▶ **THE DATA**:

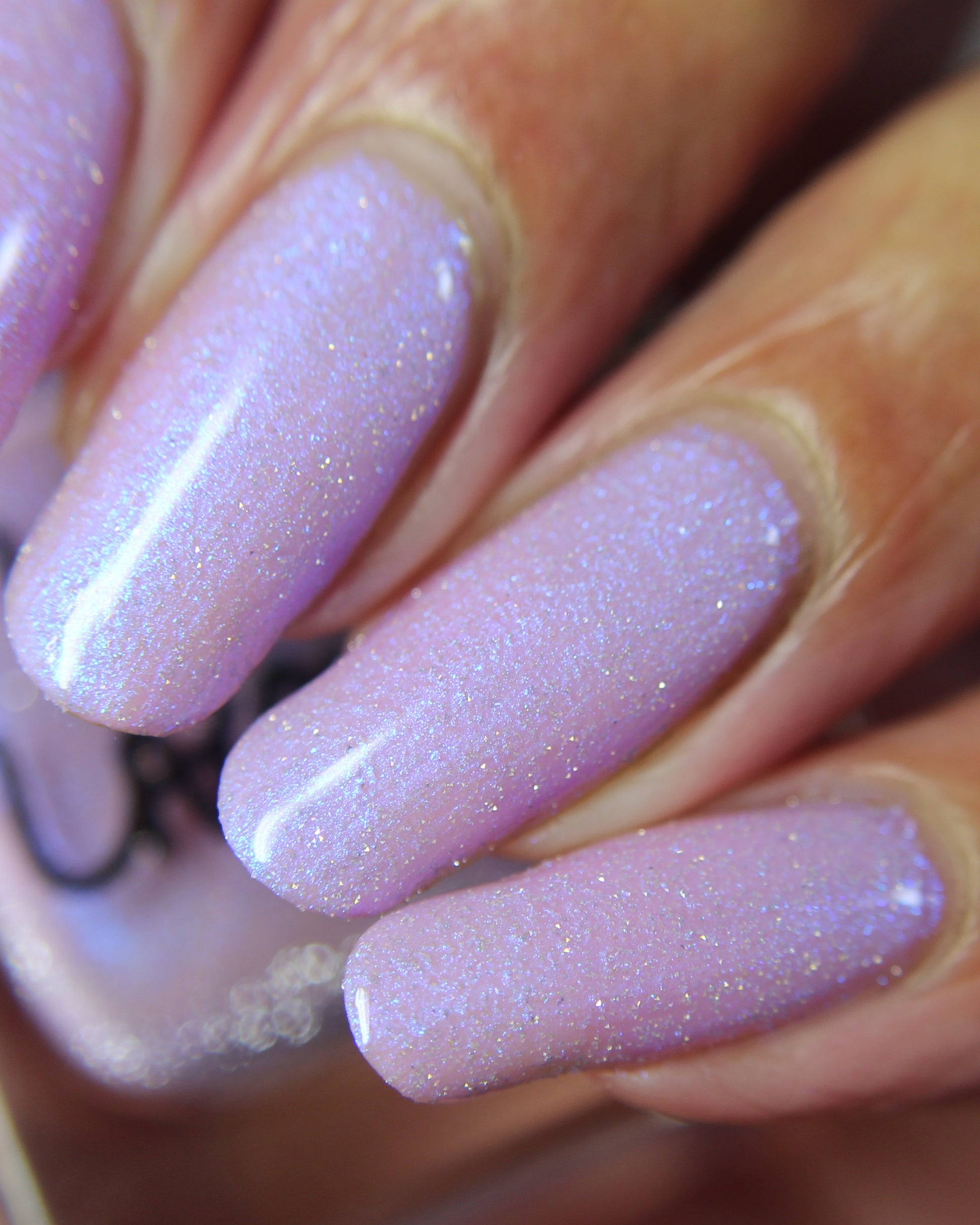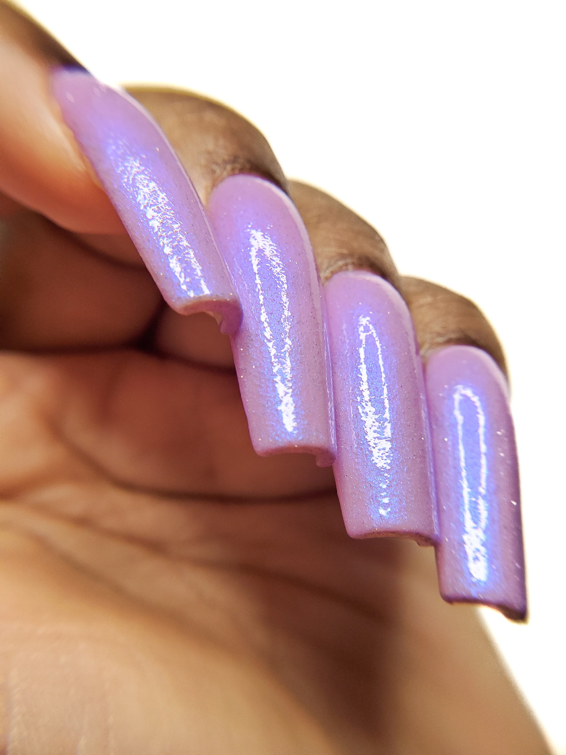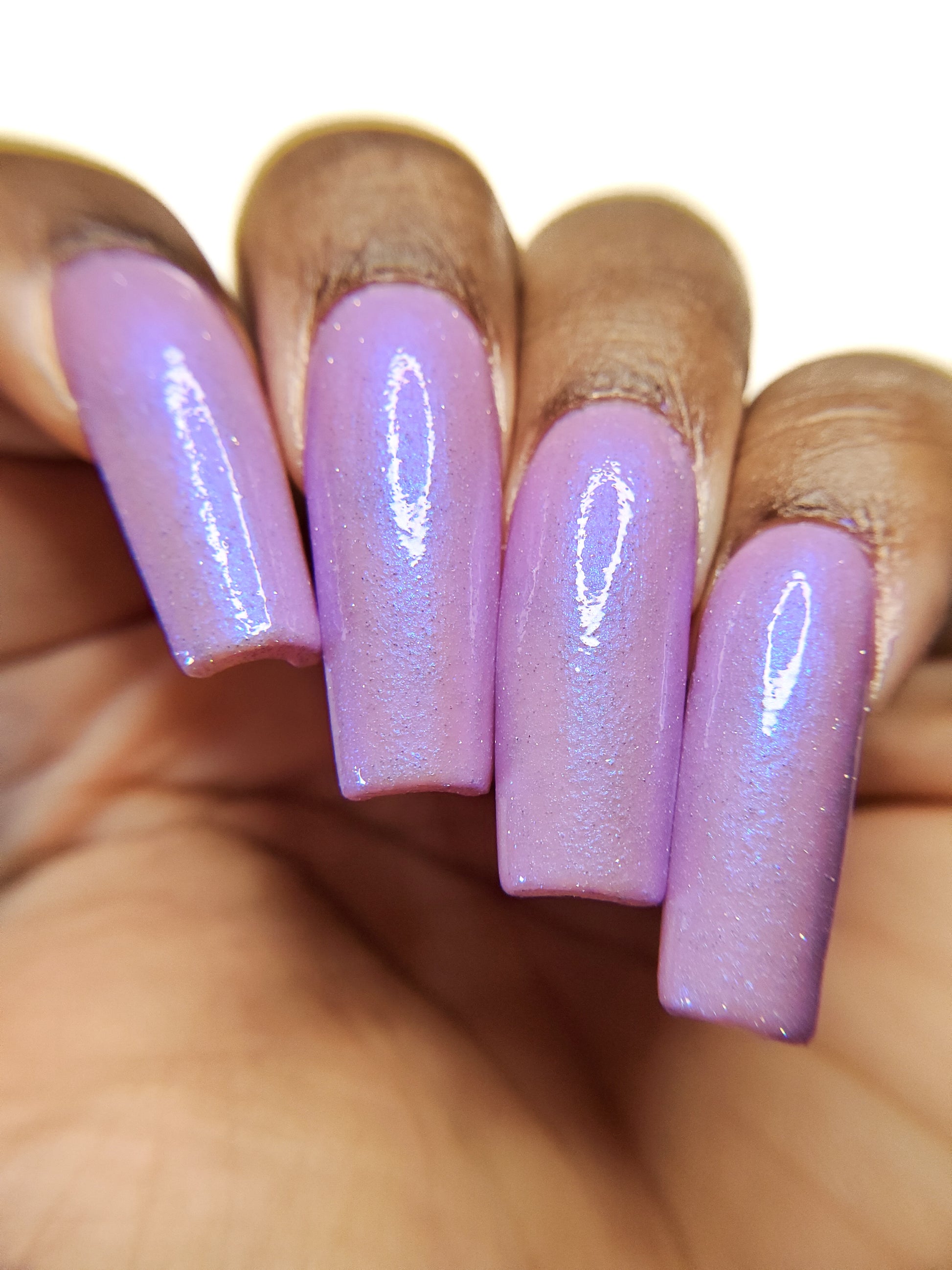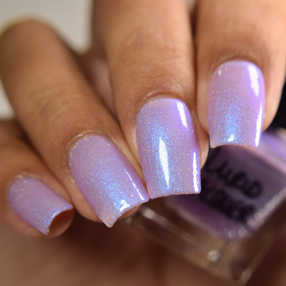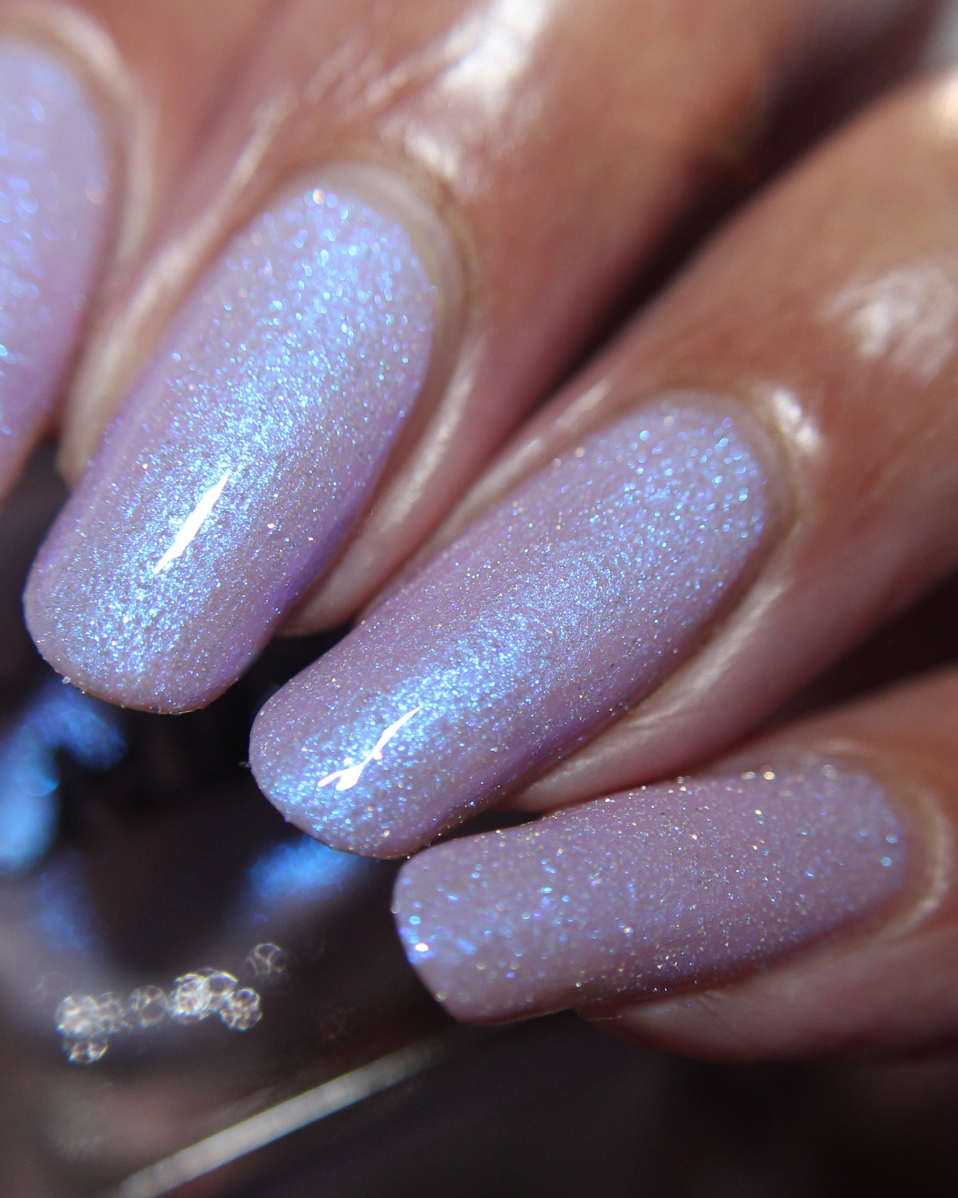 A lilac (purplish pink) crelly base with glowy blue shimmer and subtle silver light reflective glitter
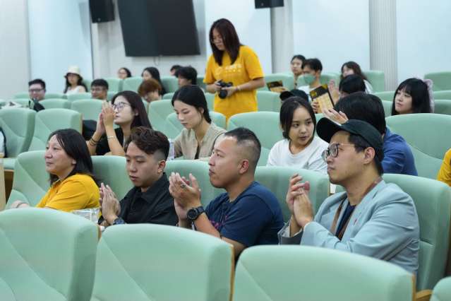 在索尼影感创作坊,特邀讲师张立为学子们带来了关于电影感创作的精彩分享,并现场演示了相关技术和设备。在新闻传播学院实验室二楼202放映厅,来自台湾义守大学的两部VR作品《黑墙 BlackWall》、《祈祷者》让学子们得以得以亲身体验VR影像创作的魅力,并就此进行深入的交流和探讨。
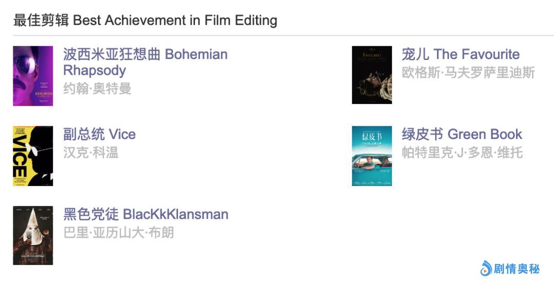 暂时来看,大家机会均等,没有谁会那么突出。相比之下,《副总统》仍是当年《大空头》那种花哨的剪辑,可能会更抢眼一点。但是,也千万不能小看《波西米亚狂想曲》啊,该片刚刚拿到剪辑工会最佳剧情片剪辑,这个剪辑师约翰·奥特曼,当初还凭借《非常嫌疑犯》拿过奥斯卡。
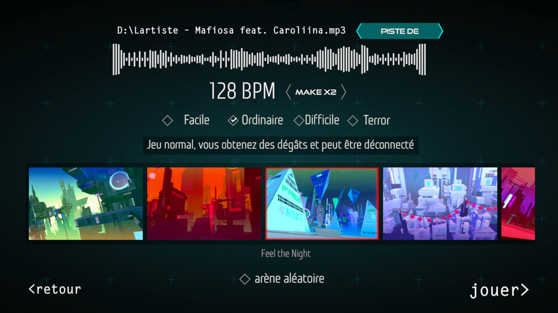 • Play to the rhythm of your own music library! Upload the MP3 track of your choice and the game will analyze the music to prepare adapted gameplay in real-time.
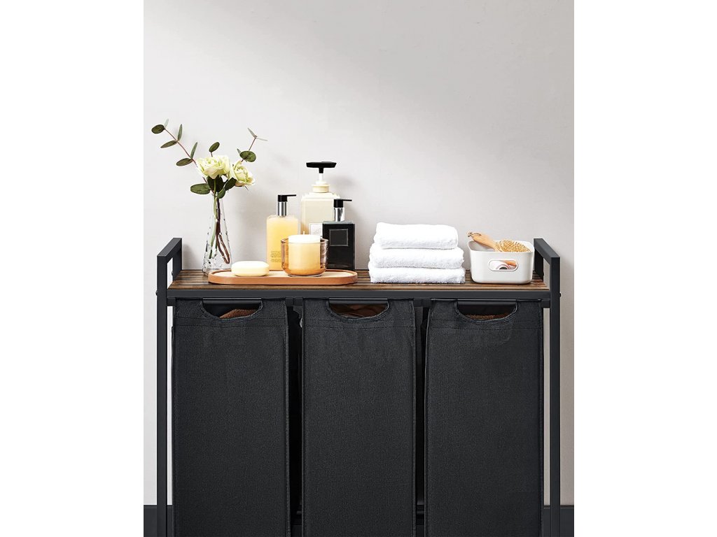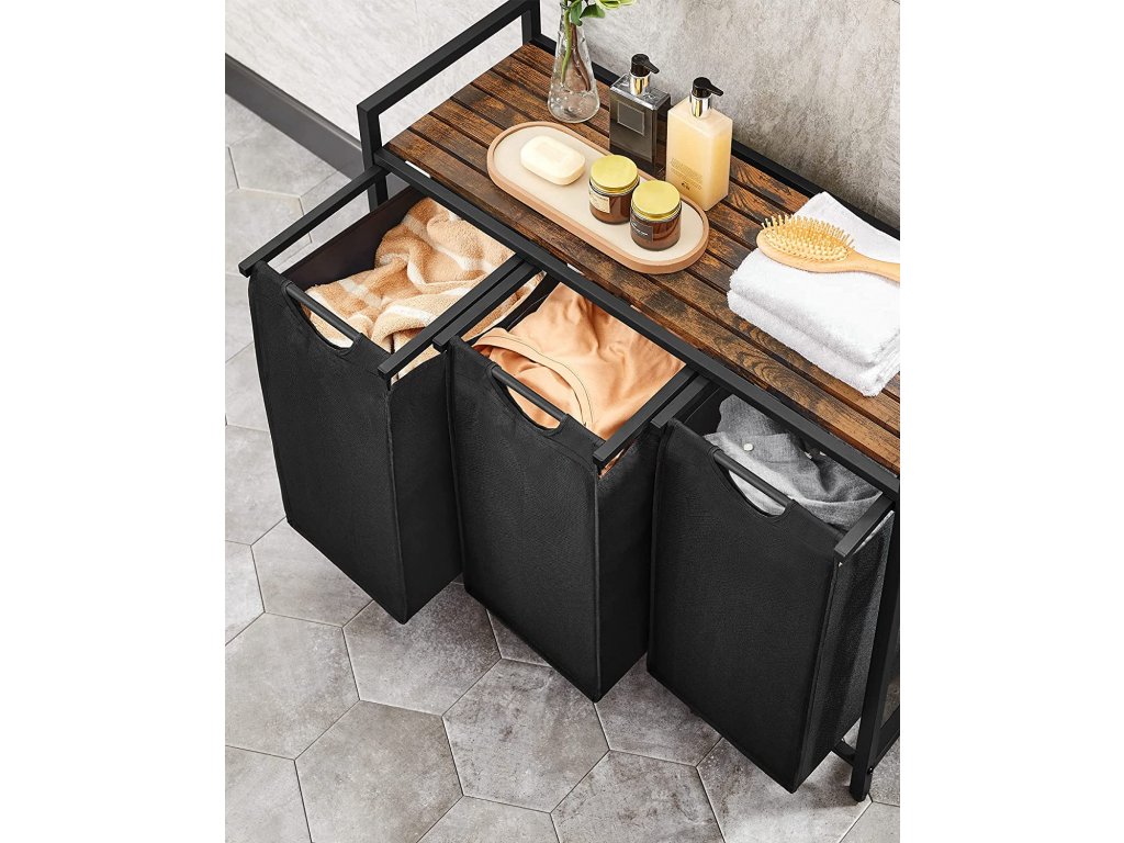 Jednoduše výsuvné a odnímatelné pytle na prádlo: 3 přihrádky jsou podepřeny plastovou deskou, aby se zabránilo prověšení, lze je jednoduše vytáhnout a díky suchým zipům sundat a prát v pračce.
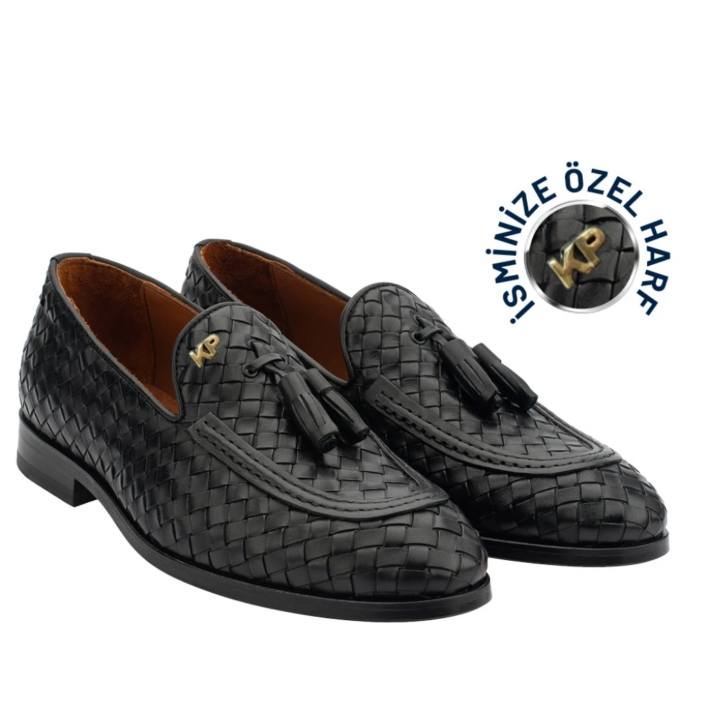 İsme Özel El Örgüsü Kösele Erkek Ayakkabı - %100 Hakiki Deri - Gümüş Konseptli - AA01010 - Siyah
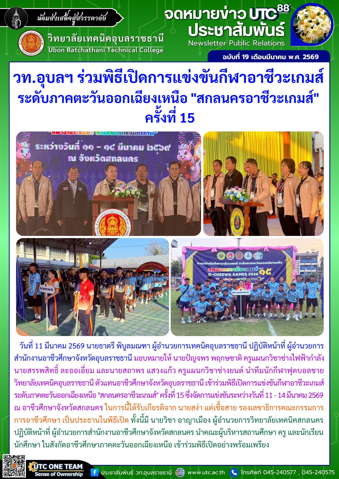 วท.อุบลฯ ร่วมพิธีเปิดการแข่งขันกีฬาอาชีวะเกมส์ ระดับภาคตะวันออกเฉียงเหนือ “สกลนครอาชีวะเกมส์” ครั้งที่ 15
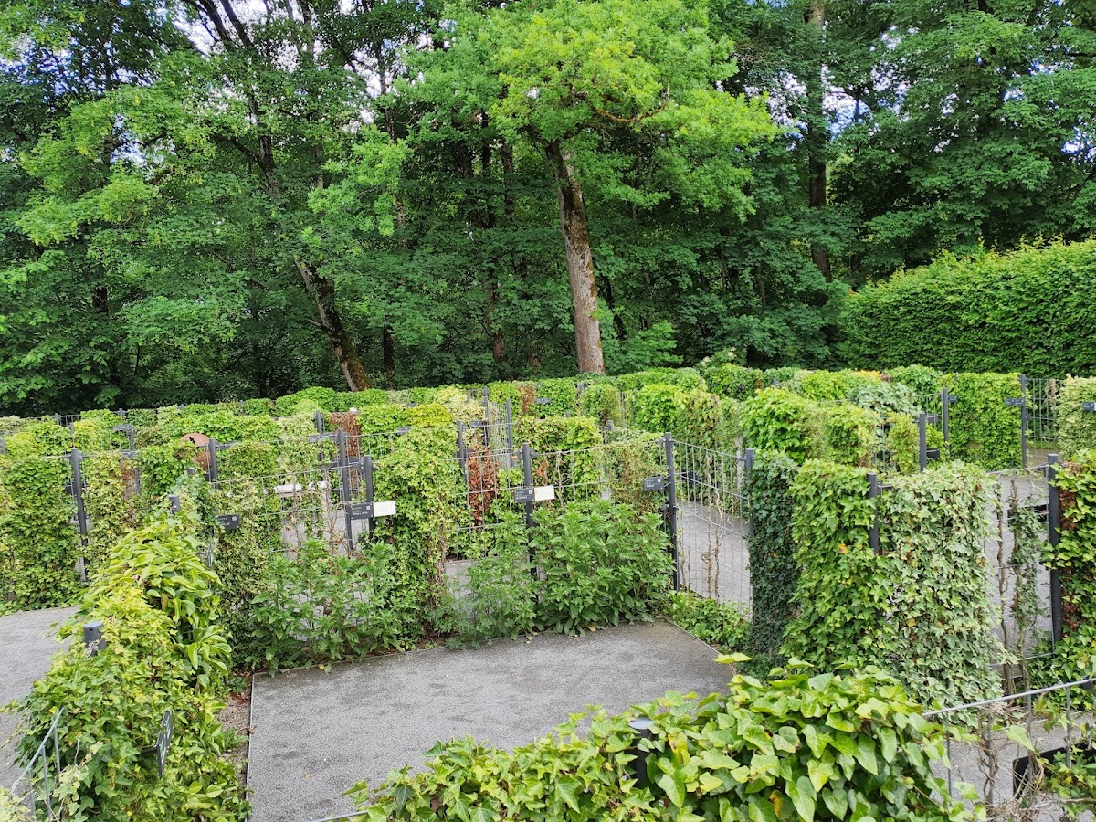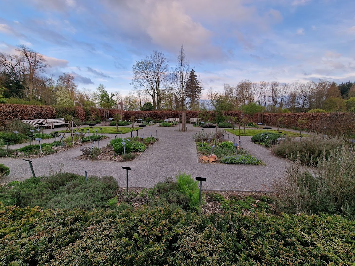 Ein entspannender Garten, bestehend aus einem Labyrinth, dem Hauptgarten und einem Teil mit Kräutern. Es gibt Bänke, wo man sich ausruhen kann.
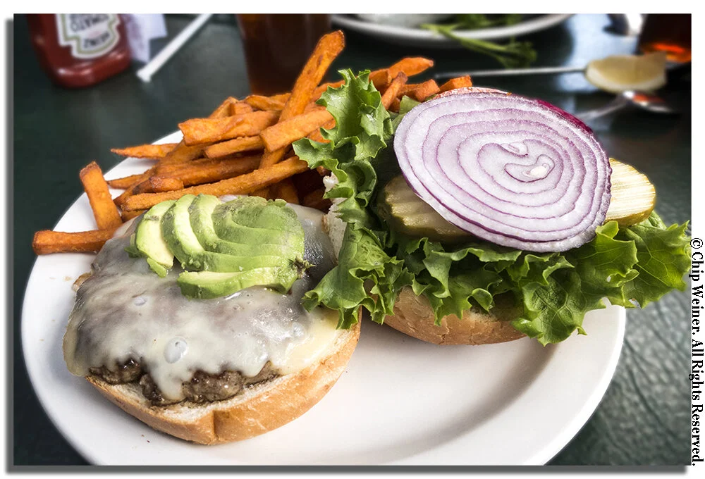 Assembling the burger myself after shooting it open faced gave me options for publication and allowed me to place the veggies and fries for the best photo.
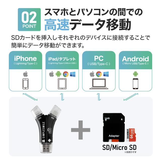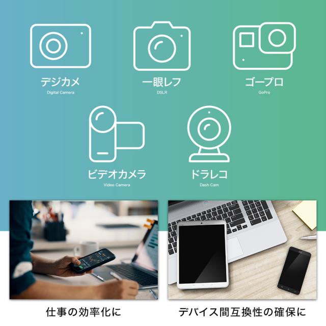 スマホ SDカードリーダーにより スマホの容量不足、ストレージ対策に SDカードリーダーがあればSDカードや PCにデータ移動がラクラク 大切な子供の写真や動画のバックアップが可能 PC、タブレット、スマホのデータ転送 相互交換、作業の効率化へ ほぼ全てのデバイスに対応 スマホからスマホへのデータ転送 クラウドやメール、Line等の 煩わしい通信制限の心配なし WiFi、スマホの通信も必要なし Googleフォト 有料化に伴う代替えに デジカメやビデオカメラ、アクションカメラ等で 撮った写真や動画を、スマホやタブレットで視聴できます。 最大1TB対応で大量の思い出を1枚のSDカードに投入可能! |

▶ **PROMPT**: Without carrying over any picture, retype the records above word for word.

▶ **ANSWER FOR THE TASK**:
 A lilac (purplish pink) crelly base with glowy blue shimmer and subtle silver light reflective glitter
 在索尼影感创作坊,特邀讲师张立为学子们带来了关于电影感创作的精彩分享,并现场演示了相关技术和设备。在新闻传播学院实验室二楼202放映厅,来自台湾义守大学的两部VR作品《黑墙 BlackWall》、《祈祷者》让学子们得以得以亲身体验VR影像创作的魅力,并就此进行深入的交流和探讨。
 暂时来看,大家机会均等,没有谁会那么突出。相比之下,《副总统》仍是当年《大空头》那种花哨的剪辑,可能会更抢眼一点。但是,也千万不能小看《波西米亚狂想曲》啊,该片刚刚拿到剪辑工会最佳剧情片剪辑,这个剪辑师约翰·奥特曼,当初还凭借《非常嫌疑犯》拿过奥斯卡。
 • Play to the rhythm of your own music library! Upload the MP3 track of your choice and the game will analyze the music to prepare adapted gameplay in real-time.
 Jednoduše výsuvné a odnímatelné pytle na prádlo: 3 přihrádky jsou podepřeny plastovou deskou, aby se zabránilo prověšení, lze je jednoduše vytáhnout a díky suchým zipům sundat a prát v pračce.
 İsme Özel El Örgüsü Kösele Erkek Ayakkabı - %100 Hakiki Deri - Gümüş Konseptli - AA01010 - Siyah
 วท.อุบลฯ ร่วมพิธีเปิดการแข่งขันกีฬาอาชีวะเกมส์ ระดับภาคตะวันออกเฉียงเหนือ “สกลนครอาชีวะเกมส์” ครั้งที่ 15
 Ein entspannender Garten, bestehend aus einem Labyrinth, dem Hauptgarten und einem Teil mit Kräutern. Es gibt Bänke, wo man sich ausruhen kann.
 Assembling the burger myself after shooting it open faced gave me options for publication and allowed me to place the veggies and fries for the best photo.
 スマホ SDカードリーダーにより スマホの容量不足、ストレージ対策に SDカードリーダーがあればSDカードや PCにデータ移動がラクラク 大切な子供の写真や動画のバックアップが可能 PC、タブレット、スマホのデータ転送 相互交換、作業の効率化へ ほぼ全てのデバイスに対応 スマホからスマホへのデータ転送 クラウドやメール、Line等の 煩わしい通信制限の心配なし WiFi、スマホの通信も必要なし Googleフォト 有料化に伴う代替えに デジカメやビデオカメラ、アクションカメラ等で 撮った写真や動画を、スマホやタブレットで視聴できます。 最大1TB対応で大量の思い出を1枚のSDカードに投入可能! |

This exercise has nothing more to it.